• WHAT THE TASK ASKS
Transcribe all the lines below exactly. Omit the pictures.

• AVAILABLE DATA
•••••

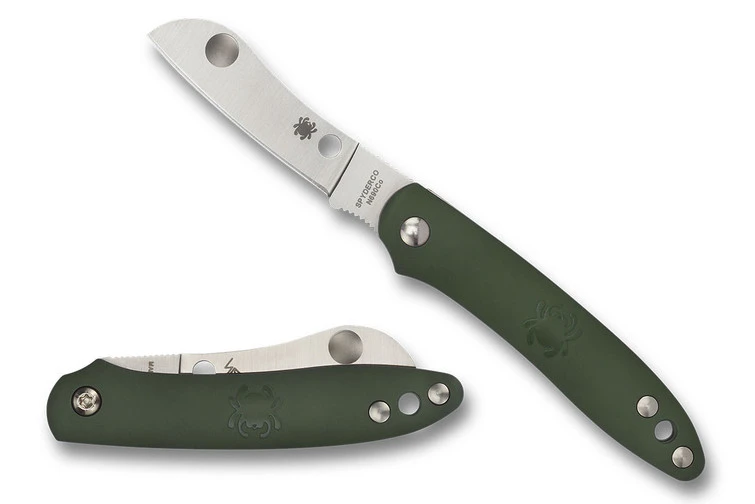 Unlike a traditional slipjoint, the Roadies blade is held open by an improved notched-joint mechanism. Its spring also forms the handles full-length back strap, giving it structural strength and providing a foundation for the durable fiberglass-reinforced-nylon (FRN) scales. The injection-molded scales are contoured for comfort and feature a recessed Spyderco bug logo on both sides. They are also available in a wide variety of colors to suit every taste.
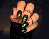 Forest Elixir glows with a rich, forest-green shimmer that feels both bold and elegant. In certain angles and lighting, you might catch the faintest burgundy undertone—a delicate shift that adds just a whisper of depth without taking away from the deep green magic. Perfect for when you want a manicure that’s striking but still refined.
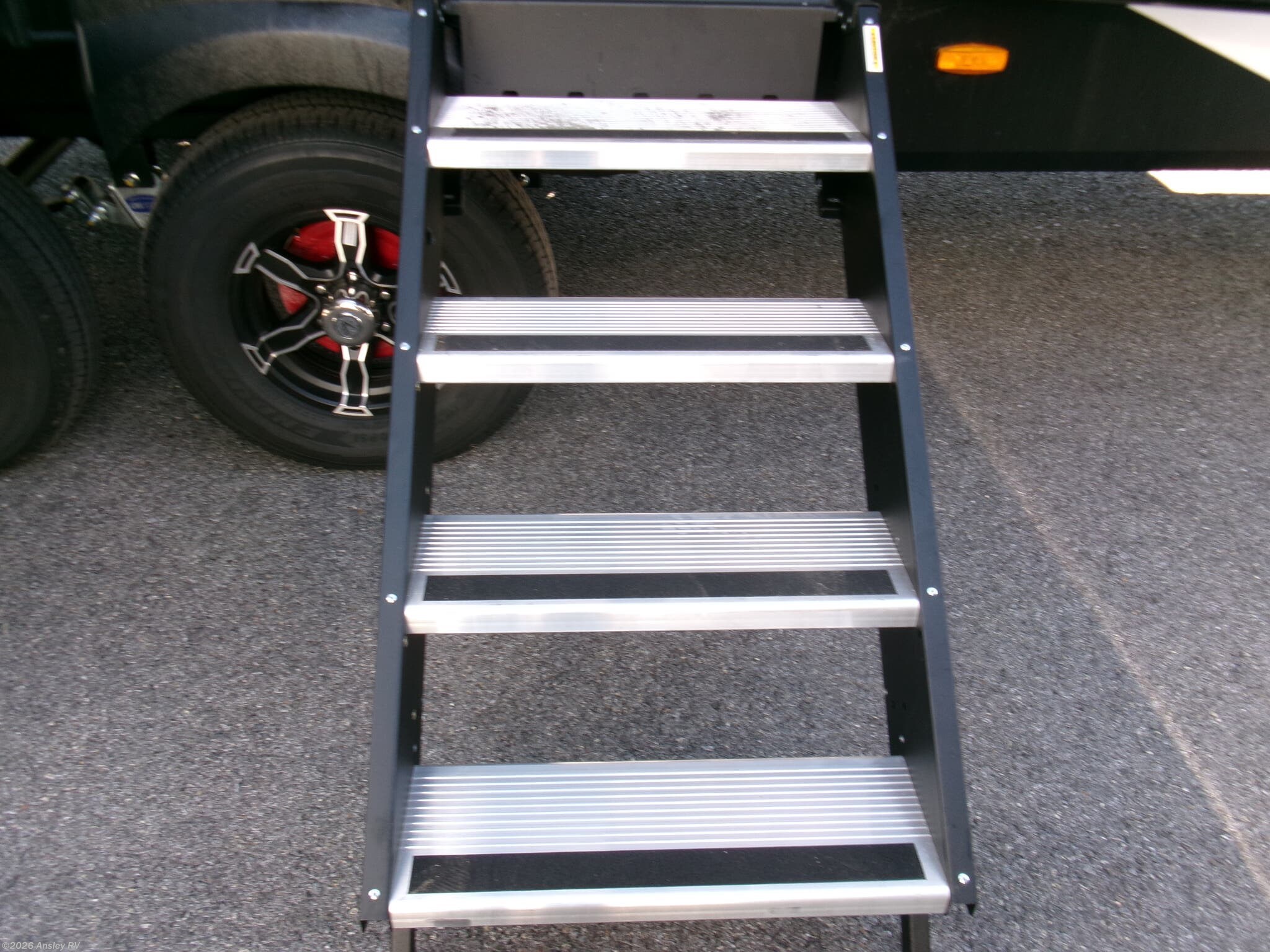 Awning, Exterior Speakers, External Shower, Hitch, Ladder, Leveling Jacks, Outside Entertainment Center, Outside Kitchen, Power Roof Vent, Skylight, Slideout, Spare Tire Kit -

•••••

• RESPONSE
 Unlike a traditional slipjoint, the Roadies blade is held open by an improved notched-joint mechanism. Its spring also forms the handles full-length back strap, giving it structural strength and providing a foundation for the durable fiberglass-reinforced-nylon (FRN) scales. The injection-molded scales are contoured for comfort and feature a recessed Spyderco bug logo on both sides. They are also available in a wide variety of colors to suit every taste.
 Forest Elixir glows with a rich, forest-green shimmer that feels both bold and elegant. In certain angles and lighting, you might catch the faintest burgundy undertone—a delicate shift that adds just a whisper of depth without taking away from the deep green magic. Perfect for when you want a manicure that’s striking but still refined.
 Awning, Exterior Speakers, External Shower, Hitch, Ladder, Leveling Jacks, Outside Entertainment Center, Outside Kitchen, Power Roof Vent, Skylight, Slideout, Spare Tire Kit -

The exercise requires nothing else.